■ Exercise ■
Could you copy the data that follows exactly as written, but drop the pictures?

-- Data for this task follows --

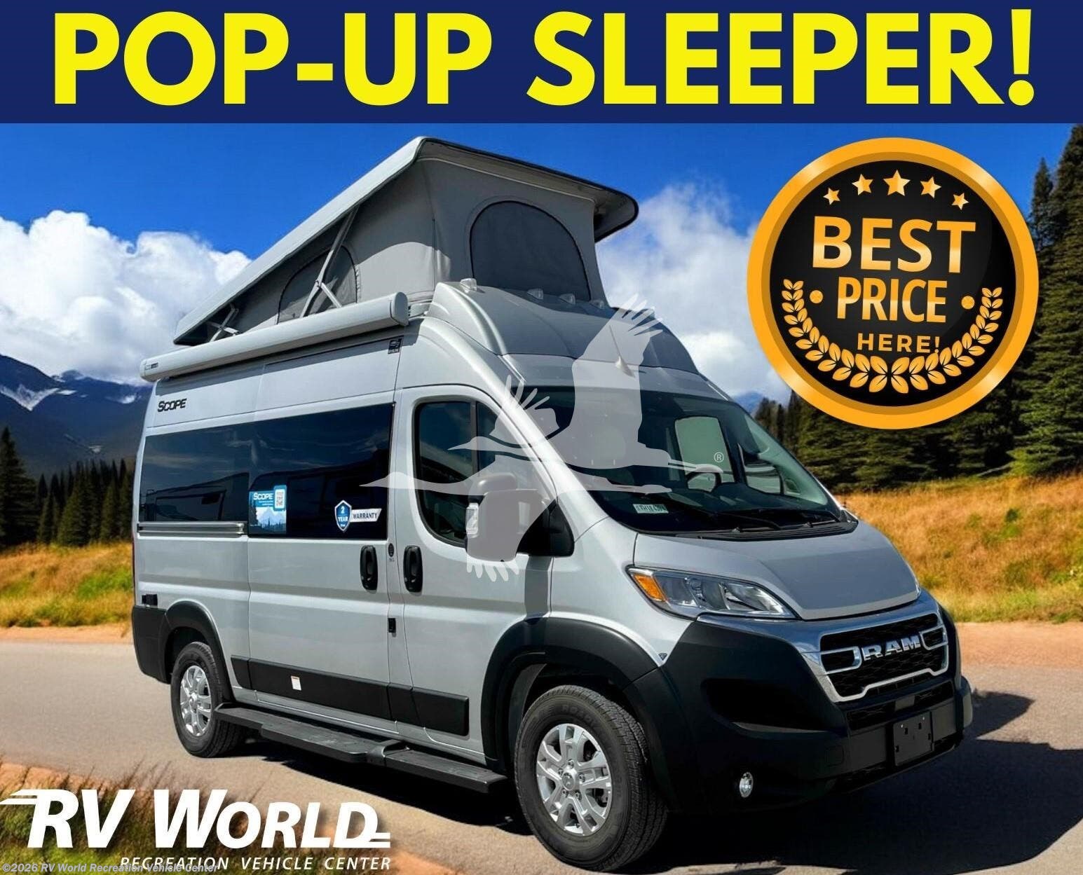 ****Stk#: CW18814.**** ***LOW MILES!!!*** The Scope® is the perfect vehicle for first-time RVers or seasoned adventurers who want a smaller setup without giving up comfort. Its compact size and clever design make navigating city streets and scenic byways a breeze while offering the essentials for life on the road. Easy to drive and even easier to park, this camper van is built for spontaneous getaways, quick stops, and freedom wherever your journey leads. Hit the road in the Scope® camper van, built on the Ram ProMaster® 1500 XT chassis and powered by a 3.6-liter V6 engine with front-wheel drive for a smooth ride. Advanced safety features like attention assist, traffic sign assist, active lane keeping assist, and blind spot assist help keep your journey stress-free. Tow your gear using the 5,000-pound hitch, and enjoy modern conveniences like adaptive cruise control, keyless entry, sleek aluminum wheels, and a backup camera for added peace of mind. You know you’re in for a good ride when you sit on the leatherette captain’s chairs that swivel and become part of the living area when parked. Getting off the grid is what van life is all about. Luckily, the 18G floor plan bathroom reflects that lifestyle with the cassette toilet, which is perfect for dry camping because it doesn’t require a dumping station. The built-in SkyBunk option offer more sleeping capacity. This camper van’s wet bath means you can enjoy a nice warm shower with the Truma® water heating system. After a long day of exploring, it’s just what you need. Other features on this Class B motorhome include: • Screen Door for Entryway • Electric Patio Awning • Touchscreen Dash Radio w/Apple Carplay & Android Auto • 3-Piece Windshield Privacy Shade • Back-up Monitor • Keyless Entry System • Single Door Refrigerator • 2 Burner Cooktop w/Glass Cover & Electric Start • Microwave Oven • 1000 Watt Inverter • Onan RV 2800 Quiet Gas Generator • Single Roof A/C • Solar Charge Controller w/Solar Panel • Exterior LP Connection • Holding Tanks w/Heat Pads • (2) Group 31 AGM House Batteries • Articulating Tablet Holder • Electronics Cabinet w/HDMI cable and USB Ports • Winegard ConnecT WiFi/4GITV Antenna
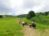 山頂から見る景色は素晴らしい。最高でした。下山して宿舎前でスイカを食べました。
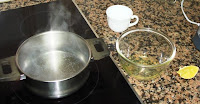 Preparamos el royal icing. Ponemos un recipiente al baño maría y dentro la clara de huevo, el azúcar, el agua y el chorrito de limón.
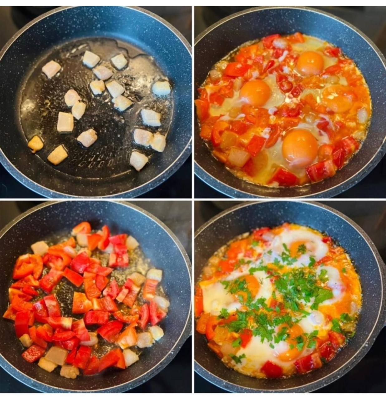 Тут и так понятно всё) жарим яичницу на сале. Добавляем помидоры, перец и зелень ✅ #основа
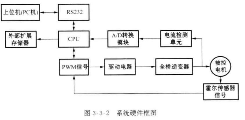 系統的硬件框圖如圖3-3-2所示,可以看出基本上包括一個以TMS320F2812DSP 為核心的DSP 控制板,一塊配套的功率驅動板和一臺無刷直流電機。實現的 主要功能是控制指令的接收和執行,速度信號的接收和計算處理,電流采樣信號接 收和轉換,速度閉環和電流閉環控制算法的執行等。
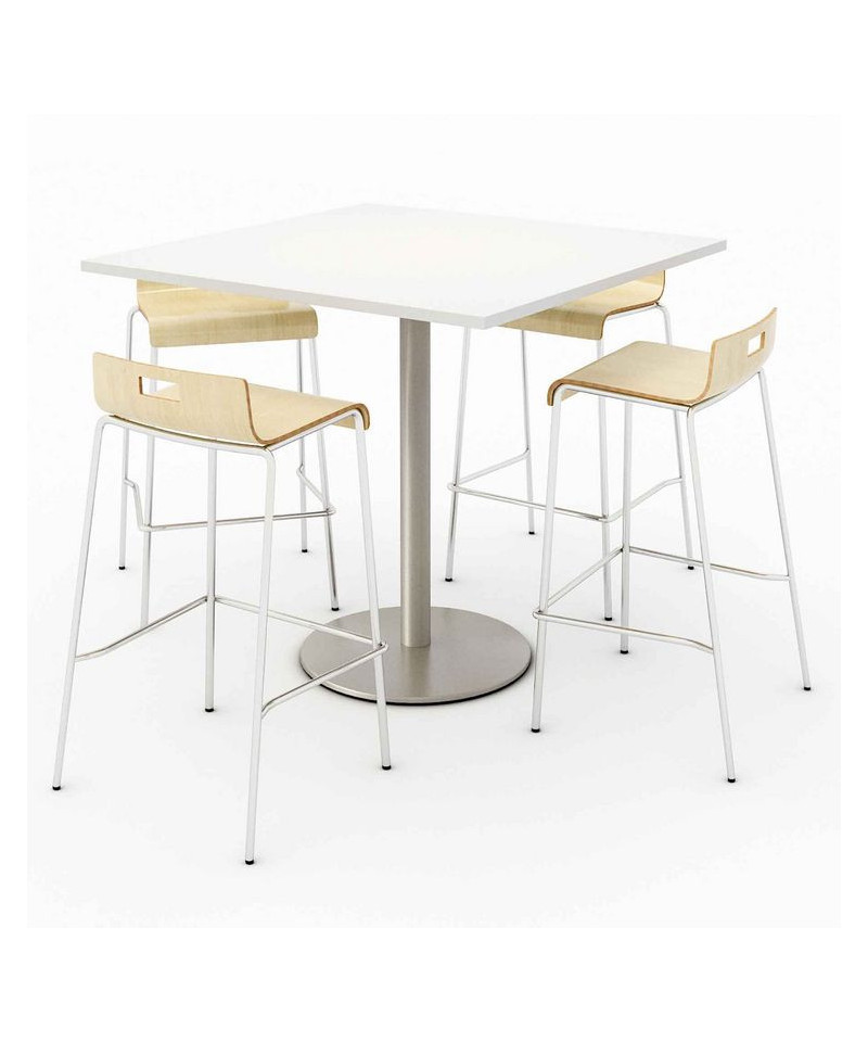 This bistro height pedestal table has a 1.25" thick high-pressure laminate top that's durable and easy to clean. The top has an attractive edge that won't crack or peel. The solid cast iron round base has leveling glides to prevent the table from wobbling on uneven floors. The column has a 3" diameter and is made of 16-gauge steel. The top and base are all shipped in one box. Easy to assemble. The chic, stylish and visually appealing stools are packed with versatility and function at affordable prices. Ideal for cafeterias, breakrooms, auditoriums and seminars or common areas. The durable frame is 0.75" round tubing made of 16-gauge steel. The attractive bent plywood shell has a high-pressure laminate finish for maximum durability and easy maintenance. The one-piece construction has a sle

-- Data for this task concluded --

■ Written answer ■
 ****Stk#: CW18814.**** ***LOW MILES!!!*** The Scope® is the perfect vehicle for first-time RVers or seasoned adventurers who want a smaller setup without giving up comfort. Its compact size and clever design make navigating city streets and scenic byways a breeze while offering the essentials for life on the road. Easy to drive and even easier to park, this camper van is built for spontaneous getaways, quick stops, and freedom wherever your journey leads. Hit the road in the Scope® camper van, built on the Ram ProMaster® 1500 XT chassis and powered by a 3.6-liter V6 engine with front-wheel drive for a smooth ride. Advanced safety features like attention assist, traffic sign assist, active lane keeping assist, and blind spot assist help keep your journey stress-free. Tow your gear using the 5,000-pound hitch, and enjoy modern conveniences like adaptive cruise control, keyless entry, sleek aluminum wheels, and a backup camera for added peace of mind. You know you’re in for a good ride when you sit on the leatherette captain’s chairs that swivel and become part of the living area when parked. Getting off the grid is what van life is all about. Luckily, the 18G floor plan bathroom reflects that lifestyle with the cassette toilet, which is perfect for dry camping because it doesn’t require a dumping station. The built-in SkyBunk option offer more sleeping capacity. This camper van’s wet bath means you can enjoy a nice warm shower with the Truma® water heating system. After a long day of exploring, it’s just what you need. Other features on this Class B motorhome include: • Screen Door for Entryway • Electric Patio Awning • Touchscreen Dash Radio w/Apple Carplay & Android Auto • 3-Piece Windshield Privacy Shade • Back-up Monitor • Keyless Entry System • Single Door Refrigerator • 2 Burner Cooktop w/Glass Cover & Electric Start • Microwave Oven • 1000 Watt Inverter • Onan RV 2800 Quiet Gas Generator • Single Roof A/C • Solar Charge Controller w/Solar Panel • Exterior LP Connection • Holding Tanks w/Heat Pads • (2) Group 31 AGM House Batteries • Articulating Tablet Holder • Electronics Cabinet w/HDMI cable and USB Ports • Winegard ConnecT WiFi/4GITV Antenna
 山頂から見る景色は素晴らしい。最高でした。下山して宿舎前でスイカを食べました。
 Preparamos el royal icing. Ponemos un recipiente al baño maría y dentro la clara de huevo, el azúcar, el agua y el chorrito de limón.
 Тут и так понятно всё) жарим яичницу на сале. Добавляем помидоры, перец и зелень ✅ #основа
 系統的硬件框圖如圖3-3-2所示,可以看出基本上包括一個以TMS320F2812DSP 為核心的DSP 控制板,一塊配套的功率驅動板和一臺無刷直流電機。實現的 主要功能是控制指令的接收和執行,速度信號的接收和計算處理,電流采樣信號接 收和轉換,速度閉環和電流閉環控制算法的執行等。
 This bistro height pedestal table has a 1.25" thick high-pressure laminate top that's durable and easy to clean. The top has an attractive edge that won't crack or peel. The solid cast iron round base has leveling glides to prevent the table from wobbling on uneven floors. The column has a 3" diameter and is made of 16-gauge steel. The top and base are all shipped in one box. Easy to assemble. The chic, stylish and visually appealing stools are packed with versatility and function at affordable prices. Ideal for cafeterias, breakrooms, auditoriums and seminars or common areas. The durable frame is 0.75" round tubing made of 16-gauge steel. The attractive bent plywood shell has a high-pressure laminate finish for maximum durability and easy maintenance. The one-piece construction has a sle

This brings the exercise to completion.